■ **DESCRIPTION OF THE TASK**:
Your task is to copy the lines from the line containing "河南宝泉旅游区-宝泉崖天下景" through the end of the listing below, both included, without any pictures.

■ **GIVEN DATA**:
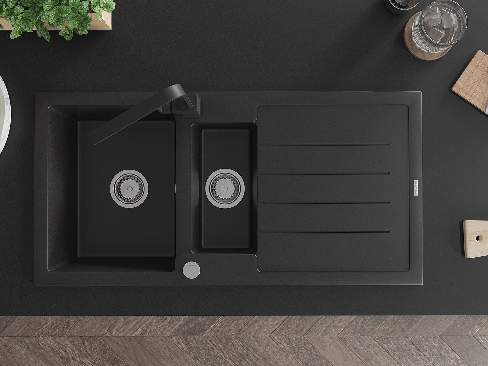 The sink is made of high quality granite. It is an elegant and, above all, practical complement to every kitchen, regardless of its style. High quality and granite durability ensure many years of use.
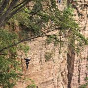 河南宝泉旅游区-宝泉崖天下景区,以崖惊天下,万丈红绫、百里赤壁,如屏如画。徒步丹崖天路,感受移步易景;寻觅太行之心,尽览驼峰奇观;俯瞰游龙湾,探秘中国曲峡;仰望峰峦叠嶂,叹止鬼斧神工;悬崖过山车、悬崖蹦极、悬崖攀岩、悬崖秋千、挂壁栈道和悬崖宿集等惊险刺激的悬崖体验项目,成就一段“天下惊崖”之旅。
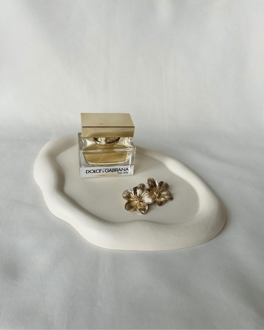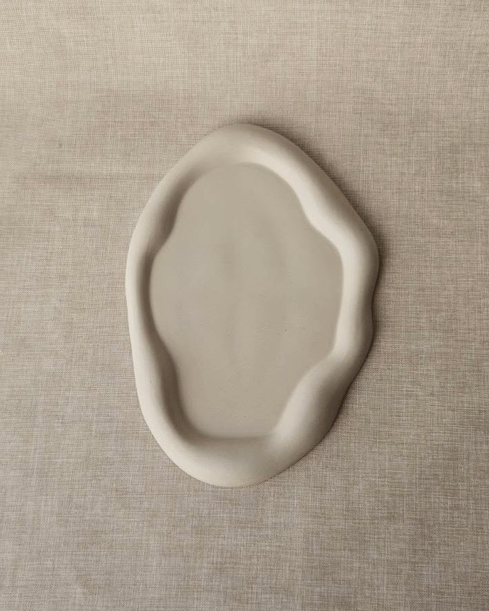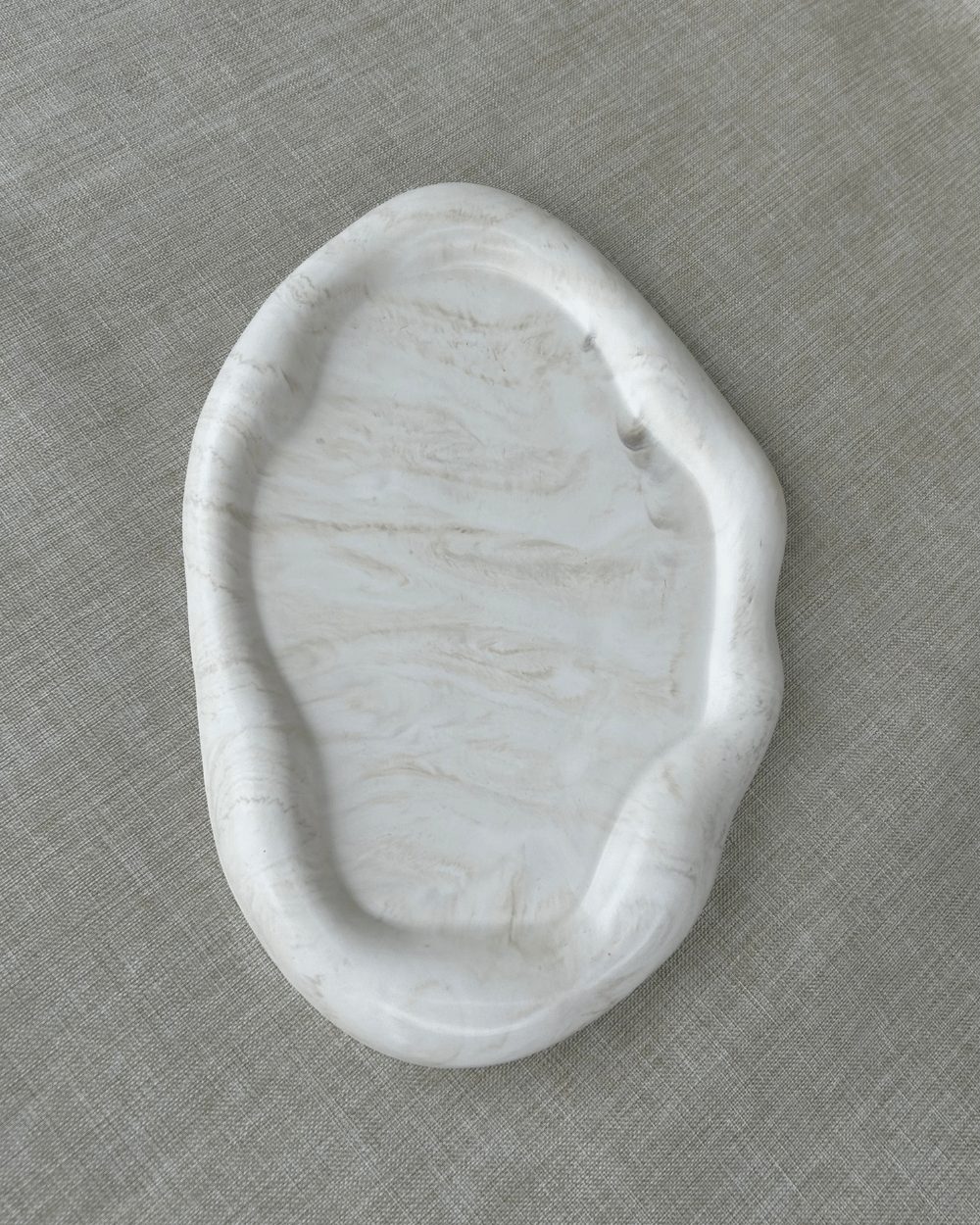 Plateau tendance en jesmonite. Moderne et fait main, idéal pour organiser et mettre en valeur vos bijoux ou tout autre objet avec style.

■ **SOLUTION**:
 河南宝泉旅游区-宝泉崖天下景区,以崖惊天下,万丈红绫、百里赤壁,如屏如画。徒步丹崖天路,感受移步易景;寻觅太行之心,尽览驼峰奇观;俯瞰游龙湾,探秘中国曲峡;仰望峰峦叠嶂,叹止鬼斧神工;悬崖过山车、悬崖蹦极、悬崖攀岩、悬崖秋千、挂壁栈道和悬崖宿集等惊险刺激的悬崖体验项目,成就一段“天下惊崖”之旅。
 Plateau tendance en jesmonite. Moderne et fait main, idéal pour organiser et mettre en valeur vos bijoux ou tout autre objet avec style.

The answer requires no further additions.